Conservatives seem to have given up on building, as demonstrated by their capitulation on housing targets, which will leave house building at its lowest since the second world war. Only last week, we learned that, under this Government, we are in a situation where, despite the UK being short of approximately 4 million homes, the Department that is meant to build those homes is handing back £1.9 billion to the Treasury after failing to find housing projects to spend it on. I am pretty sure that, had the Minister sought advice or support from Members in this room and beyond, that money could have been well spent.

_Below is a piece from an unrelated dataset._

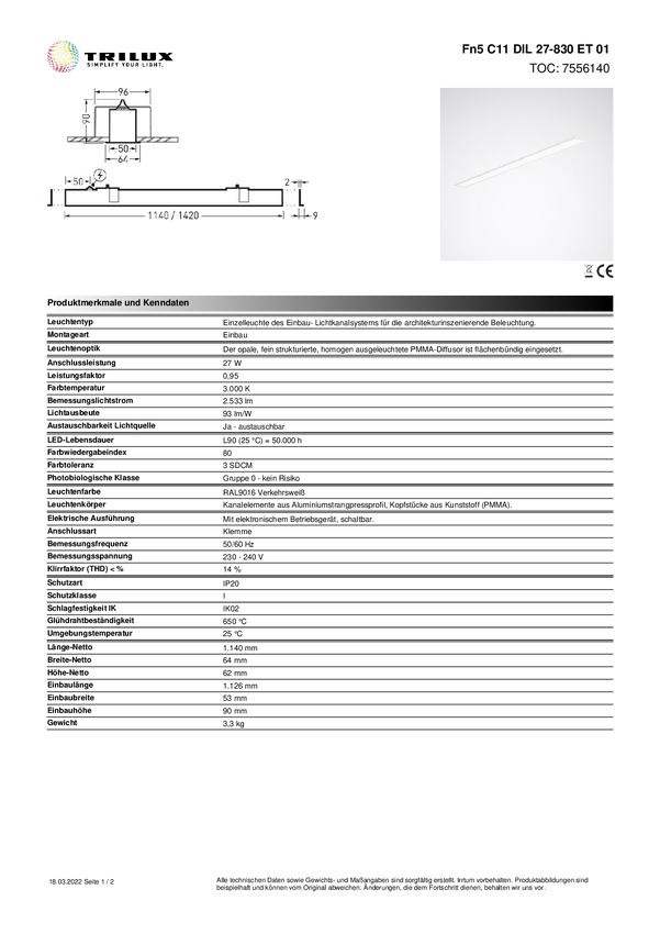 Lampa sufitowa LED Trilux Fn5C11DIL27-830ET01 7556140 27 W 2533 lm biały
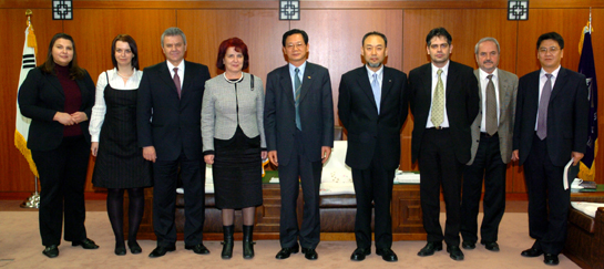 불가리아 경제사절단(단장 안나 야네바 경제에너지부 차관)이 지난달 28일 부산시를 방문, 안준태 부산시 행정부시장을 예방해 부산-불가리아 간의 교류협력 방안을 논의했다(사진 왼쪽에서 네번째 안나 야네바 단장, 다섯번째 안준태 행정부시장).

Thankfully, Labour has not given up on house building. Reforming planning rules, reintroducing house building targets, building on parts of the green belt that are in fact far from green, and, as I have just discussed with my hon. Friend the Member for Brighton, Kemptown (Lloyd Russell-Moyle), restoring social housing to the second largest form of tenure will be key drivers in our mission to achieve the fastest growth in the G7.

I congratulate the shadow Minister, my hon. Friend the Member for Greenwich and Woolwich (Matthew Pennycook), on all his work to raise this issue and to promote house building but, as he knows, I would go further still. Our 76-year-old planning system needs to be scrapped so that we can shift away from a discretionary system at the mercy of nimbyism towards one that is rules-based, underpinned by a flexible zoning code and determined nationally for local implementation. Only then will we be sure that we can build the number of homes, and the types and tenures of property, that we require.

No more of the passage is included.